The masterclass, run by three leading Plešivica winemakers Korak, Tomac and Šember, was held on Friday afternoon in the luxury Lošinj hotel Alhambra, presenting the significant uniqueness of the wine suburb of Zagreb, compared to other wine growing regions. In Plešivica are no mediocrities.
When talking of serious wineries, Plešivica holds no good winemakers without a vision. The boys from Plešivica know very well what they want, and their plan to turn the hills near Zagreb into a relevant European wine region will not be compromised with large series or average wines. All of their new wines are good to excellent (or sometimes completely lost) but never average.
Tomac, Šember and Korak today remind of Matošević, Coronica and Kozlović, when the latter three turned Istria and Malvazija into the most vibrant and important Croatian wine scene. Only, the Plešivica wines today are significantly better than the Istrian wines from the beginning of the 2000s. No other Croatian wine area is so focused on quality and clear terroir style: the first two cases have already reached high international level, witnessed by the fact Decanter listed Tomac’s Amfora sparkling among the six most important sparkling wines for the previous year.
The masterclass began with Šember’s blanc de blanc from magnum. Next came a truly excellent Tomac Amfora 2010 still in development, taking on interesting earth tones going well with glazed citrus and dried flowers, dominant in the bouquet of this excellent sparkling.

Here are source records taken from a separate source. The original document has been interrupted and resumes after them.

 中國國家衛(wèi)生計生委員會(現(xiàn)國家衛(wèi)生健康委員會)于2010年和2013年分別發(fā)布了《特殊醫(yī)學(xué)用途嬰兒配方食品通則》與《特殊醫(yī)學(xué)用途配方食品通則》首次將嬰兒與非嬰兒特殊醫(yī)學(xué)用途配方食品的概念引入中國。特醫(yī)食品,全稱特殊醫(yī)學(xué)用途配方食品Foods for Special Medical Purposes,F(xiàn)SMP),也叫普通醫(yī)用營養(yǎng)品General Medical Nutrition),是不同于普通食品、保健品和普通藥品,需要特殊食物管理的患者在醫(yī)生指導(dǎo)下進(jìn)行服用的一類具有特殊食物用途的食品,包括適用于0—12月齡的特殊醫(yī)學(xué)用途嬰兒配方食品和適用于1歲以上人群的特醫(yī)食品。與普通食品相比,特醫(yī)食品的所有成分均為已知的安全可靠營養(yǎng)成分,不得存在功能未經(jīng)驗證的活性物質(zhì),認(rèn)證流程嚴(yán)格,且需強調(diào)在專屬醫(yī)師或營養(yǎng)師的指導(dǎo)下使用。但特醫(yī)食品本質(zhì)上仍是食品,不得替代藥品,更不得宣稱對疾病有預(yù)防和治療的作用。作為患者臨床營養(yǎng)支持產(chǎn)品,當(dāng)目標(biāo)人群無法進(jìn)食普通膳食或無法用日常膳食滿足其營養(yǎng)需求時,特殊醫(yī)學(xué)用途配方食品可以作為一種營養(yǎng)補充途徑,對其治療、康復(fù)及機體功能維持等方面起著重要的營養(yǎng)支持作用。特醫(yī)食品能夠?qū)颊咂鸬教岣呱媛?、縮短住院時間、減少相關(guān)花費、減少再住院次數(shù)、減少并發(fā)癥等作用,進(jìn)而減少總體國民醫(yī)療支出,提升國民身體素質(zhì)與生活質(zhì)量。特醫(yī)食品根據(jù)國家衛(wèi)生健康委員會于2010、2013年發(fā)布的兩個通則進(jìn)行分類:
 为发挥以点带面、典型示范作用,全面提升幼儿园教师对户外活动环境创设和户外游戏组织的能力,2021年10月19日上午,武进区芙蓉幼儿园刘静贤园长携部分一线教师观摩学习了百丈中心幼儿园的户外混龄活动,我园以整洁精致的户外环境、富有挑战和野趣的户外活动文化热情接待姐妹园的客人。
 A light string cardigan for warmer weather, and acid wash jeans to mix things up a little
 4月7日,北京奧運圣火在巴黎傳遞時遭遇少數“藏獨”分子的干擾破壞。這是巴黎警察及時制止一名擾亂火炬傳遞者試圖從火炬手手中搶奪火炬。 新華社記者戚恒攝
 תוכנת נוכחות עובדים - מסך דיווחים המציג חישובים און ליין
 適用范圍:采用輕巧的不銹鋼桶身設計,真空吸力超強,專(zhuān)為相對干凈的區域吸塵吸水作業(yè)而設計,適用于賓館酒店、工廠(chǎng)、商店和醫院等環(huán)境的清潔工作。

The third wine, Korak’s Riesling 2011 dominated the masterclass along with Tomac’s sparkling. It is a phenomenal wine, whose bouquet blends kerosene and mould notes with plenty of fresh fruit. Although the wine is completely dry, the aftertaste is fruity sweet. This excellent Riesling has another fifteen good years ahead of it. Šember’s Quevry from the same year is a superior demonstration of the possibilities of Plešivica Rieslings produced in amphorae: Quevry is eccentrically rich and elegantly oily. Tomac’s Amfora 2007 (still wine) showed the liveliness of the coupage of Chardonnay and old Plešivica varieties: the 2007 Amfora is still very lively. A very good and educational wine workshop in Alhambra, positioning Plešivica in the very top of Croatian wine production, ended in the tasting of several Pinot Neros.